We did the Santa hat pic to Artofficial lol


----------



## younggun55 (Jun 18, 2009)

artofficial said:


> I'll play!!!!!!!!!
> 
> 
> 
> ...


NICE! I've actually never been in a bigfoot but heard they are pretty slick, and can run crazy skinny for what it is.


----------



## artofficial (Oct 3, 2005)

We drifted across shell that was 9" deep in Chocolate bay yesterday and never hit bottom with a full 50 gallons of fuel. I actually got out and measured.

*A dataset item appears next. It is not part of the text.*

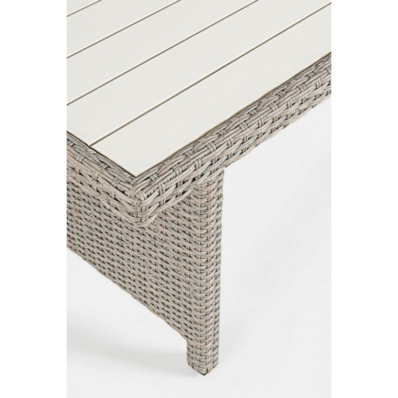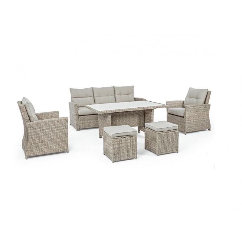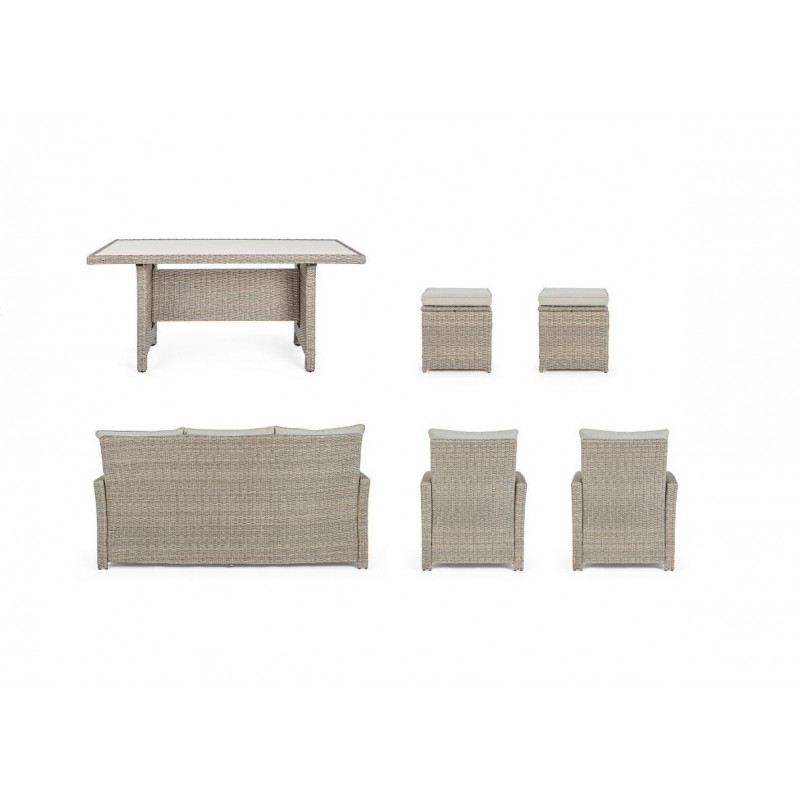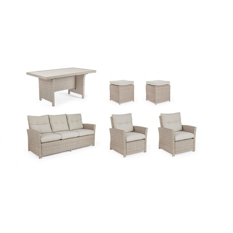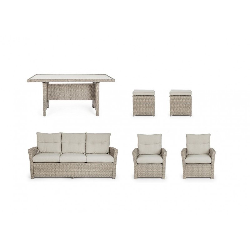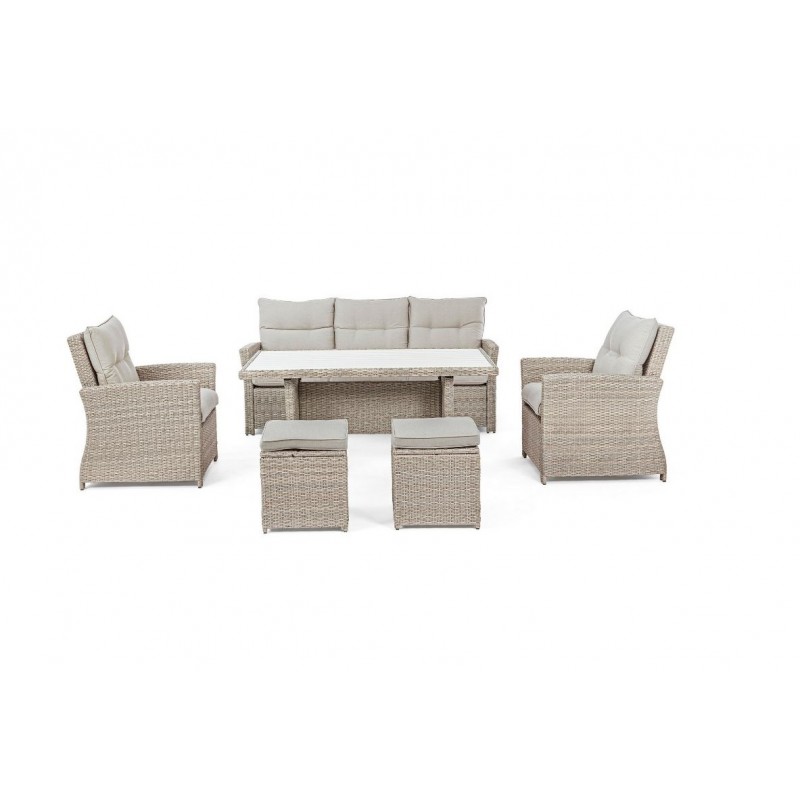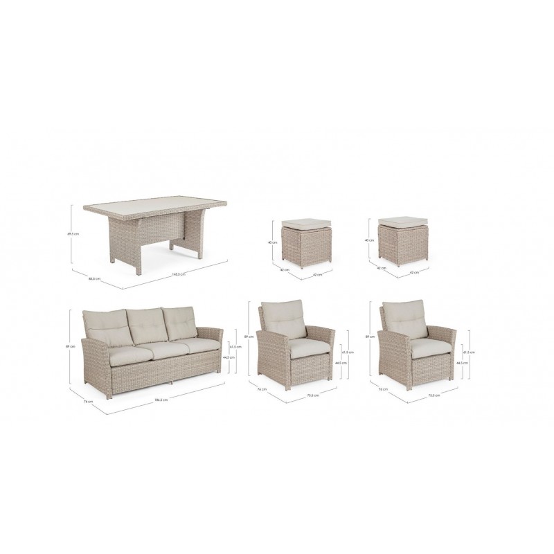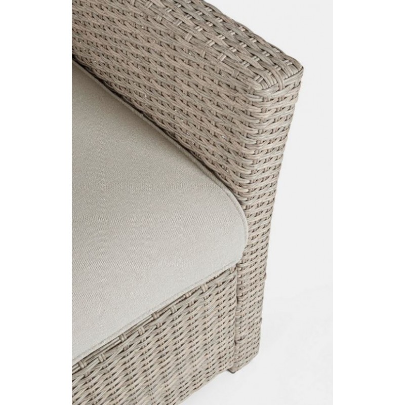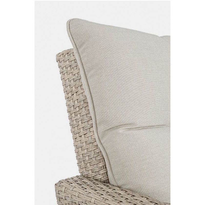 Lasciati avvolgere dal comfort dei morbidi cuscini in polipropilene beige, sfoderabili e lavabili per una facile manutenzione. La struttura in alluminio verniciata a polvere garantisce robustezza e resistenza alle intemperie, mentre l'intreccio in fibra sintetica dona un tocco di eleganza e raffinatezza.

AMAZING


----------



## trouthammer (Jan 24, 2009)

Here ya go


----------



## Tombo (Mar 15, 2005)

Nothing fancy, but it does have a great ride.


----------



## Lost Texan (Jun 27, 2009)

I'll play!


----------



## younggun55 (Jun 18, 2009)

Dang there are some badass Haynies around here!


----------



## Levi (Mar 6, 2006)

youggun55, how fast is your lowside with a full tank and livewell?? We are selling the Blackjack at the end of this season and will probably go back to a K2marine boat but we are thinking about a haynie if the $$$ work out better to go with a lowside.

Thanks.


----------



## younggun55 (Jun 18, 2009)

Levi said:


> youggun55, how fast is your lowside with a full tank and livewell?? We are selling the Blackjack at the end of this season and will probably go back to a K2marine boat but we are thinking about a haynie if the $$$ work out better to go with a lowside.
> 
> Thanks.


I haven't played around with it a whole lot honestly, but have had it to 69.8 with the 24 bravo with 60lbs ice in the back, 55gal of fuel, livewell full and 2 people right out of the ramp. It spins the 24 way too easily and I need to go up to a 26 pro et or maybe even a 28. It's at Chris's right now I need to go pick it up and put some serious hours on it and play with some props. If you ever want to take a spin let me know


----------



## Haynie79 (Oct 30, 2008)

2009


----------



## Haynie79 (Oct 30, 2008)

09-225


----------



## davishaynie (Nov 19, 2007)

Y2K model shes old but still looks good


----------



## C-Dub (Apr 15, 2009)

*2008 Haynie*

24 H.O.


----------



## bullstuff0 (Aug 29, 2008)

here is my boat


----------



## bullstuff0 (Aug 29, 2008)

*one of chriss's finest*


----------



## Night Trout (Jun 19, 2006)

2009 Bigfoot


----------



## GIGEM18 (Jan 29, 2008)

*THE NEWEST HAYNIE LOW SIDE*

WE SOLD THIS BOAT AT THE CC BOAT SHOW. CONGRATS TO MR. BROWN


----------



## younggun55 (Jun 18, 2009)

GIGEM18 said:


> WE SOLD THIS BOAT AT THE CC BOAT SHOW. CONGRATS TO MR. BROWN


You sold the new boat? I thought this was going to be Chris and Kevin's tournament boat???


----------



## GIGEM18 (Jan 29, 2008)

EVERTHING IS FOR SALE. THEY WATER TESTED IT YESTERDAY AND GOT 71.4 WITH THE MOTOR TRIMMED DOWN. THAT THING IS GOING TO FLY AFTER BREAKIN. FULL TRIM, IT WILL BE FAST.


----------



## younggun55 (Jun 18, 2009)

GIGEM18 said:


> EVERTHING IS FOR SALE. THEY WATER TESTED IT YESTERDAY AND GOT 71.4 WITH THE MOTOR TRIMMED DOWN. THAT THING IS GOING TO FLY AFTER BREAKIN. FULL TRIM, IT WILL BE FAST.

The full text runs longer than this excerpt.